That's my biggest concern as well.

> Further the proc structure is tgid/task/tid where the leaf directories
> are per thread.
>
> We more likely could get away with some magic symlinks (that would not
> be user visible) rather than actual symlinks.

I'd considered that, but we'll need to instantiate other portions of the
tree in order to use those dentries as magic symlink targets. That
seemed like it might not fly, so I went with the regular symlink approach.

> So I think you are probably on the right track to reduce the memory
> usage but I think some more work will be needed to make it transparently
> backwards compatible.

Thanks for the review,

-Jeff

--
Jeff Mahoney
SUSE Labs

2019-03-21 18:31:24

by Jeff Mahoney

[permalink] [raw]
Subject: Re: [RFC] [PATCH 0/5] procfs: reduce duplication by using symlinks

On 4/24/18 10:14 AM, Eric W. Biederman wrote:
> [email protected] writes:
>
>> From: Jeff Mahoney <[email protected]>
>>
>> Hi all -
>>
>> I recently encountered a customer issue where, on a machine with many TiB
>> of memory and a few hundred cores, after a task with a few thousand threads
>> and hundreds of files open exited, the system would softlockup. That
>> issue was (is still) being addressed by Nik Borisov's patch to add a
>> cond_resched call to shrink_dentry_list. The underlying issue is still
>> there, though. We just don't complain as loudly. When a huge task
>> exits, now the system is more or less unresponsive for about eight
>> minutes. All CPUs are pinned and every one of them is going through
>> dentry and inode eviction for the procfs files associated with each
>> thread.
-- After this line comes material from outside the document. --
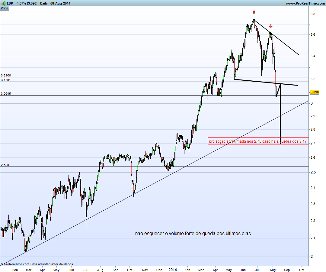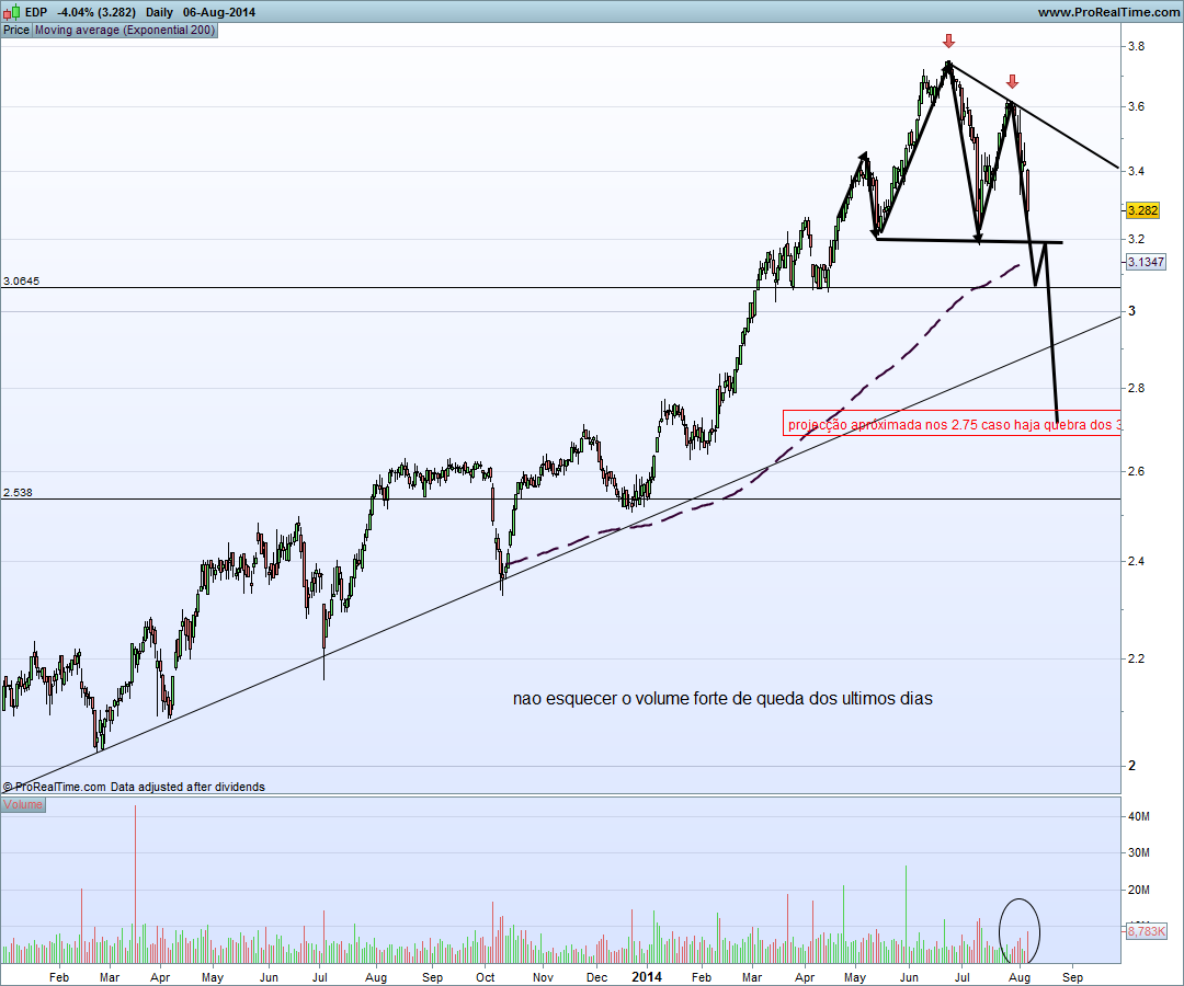 Os 3,05 na minha opinião nao tem qualquer relevancia, mas um nao ajusto o grafico a dividendos, penso tambem que poderá de facto dar-se um pullback, logo que nao ultrapasse o ultimo lower-high a força continua do lado dos curtos

It's made worse by every CPU contending on the super's
>> inode list lock.
>>
>> The numbers get big. My test case was 4096 threads with 16384 files
>> open. It's a contrived example, but not that far off from the actual
>> customer case. In this case, a simple "find /proc" would create around
>> 300 million dentry/inode pairs. More practically, lsof(1) does it too,
>> it just takes longer. On smaller systems, memory pressure starts pushing
>> them out. Memory pressure isn't really an issue on this machine, so we
>> end up using well over 100GB for proc files. It's the combination of
>> the wasted CPU cycles in teardown and the wasted memory at runtime that
>> pushed me to take this approach.
>>
>> The biggest culprit is the "fd" and "fdinfo" directories, but those are
>> made worse by there being multiple copies of them even for the same
>> task without threads getting involved:
>>
>> - /proc/pid/fd and /proc/pid/task/pid/fd are identical but share no
>> resources.
>>
>> - Every /proc/pid/task/*/fd directory in a thread group has identical
>> contents (unless unshare(CLONE_FILES) was called), but share no
>> resources.
>>
>> - If we do a lookup like /proc/pid/fd on a member of a thread group,
>> we'll get a valid directory. Inside, there will be a complete
>> copy of /proc/pid/task/* just like in /proc/tgid/task. Again,
>> nothing is shared.
>>
>> This patch set reduces some (most) of the duplication by conditionally
>> replacing some of the directories with symbolic links to copies that are
>> identical.
>>
>> 1) Eliminate the duplication of the task directories between threads.
>> The task directory belongs to the thread leader and the threads
>> link to it: e.g. /proc/915/task -> ../910/task This mainly
>> reduces duplication when individual threads are looked up directly
>> at the tgid level. The impact varies based on the number of threads.
>> The user has to go out of their way in order to mess up their system
>> in this way. But if they were so inclined, they could create ~550
>> billion inodes and dentries using the test case.
>>
>> 2) Eliminate the duplication of directories that are created identically
>> between the tgid-level pid directory and its task directory: fd,
>> fdinfo, ns, net, attr. There is obviously more duplication between
>> the two directories, but replacing a file with a symbolic link
>> doesn't get us anything. This reduces the number of files associated
>> with fd and fdinfo by half if threads aren't involved.
>>
>> 3) Eliminate the duplication of fd and fdinfo directories among threads
>> that share a files_struct. We check at directory creation time if
>> the task is a group leader and if not, whether it shares ->files with
>> the group leader. If so, we create a symbolic link to ../tgid/fd*.
>> We use a d_revalidate callback to check whether the thread has called
>> unshare(CLONE_FILES) and, if so, fail the revalidation for the symlink.
>> Upon re-lookup, a directory will be created in its place. This is
>> pretty simple, so if the thread group leader calls unshare, all threads
>> get directories.
>>
>> With these patches applied, running the same testcase, the proc_inode
>> cache only gets to about 600k objects, which is about 99.7% fewer. I
>> get that procfs isn't supposed to be scalable, but this is kind of
>> extreme. :)
>>
>> Finally, I'm not a procfs expert. I'm posting this as an RFC for folks
>> with more knowledge of the details to pick it apart. The biggest is that
>> I'm not sure if any tools depend on any of these things being directories
>> instead of symlinks. I'd hope not, but I don't have the answer. I'm
>> sure there are corner cases I'm missing. Hopefully, it's not just flat
>> out broken since this is a problem that does need solving.
>>
>> Now I'll go put on the fireproof suit.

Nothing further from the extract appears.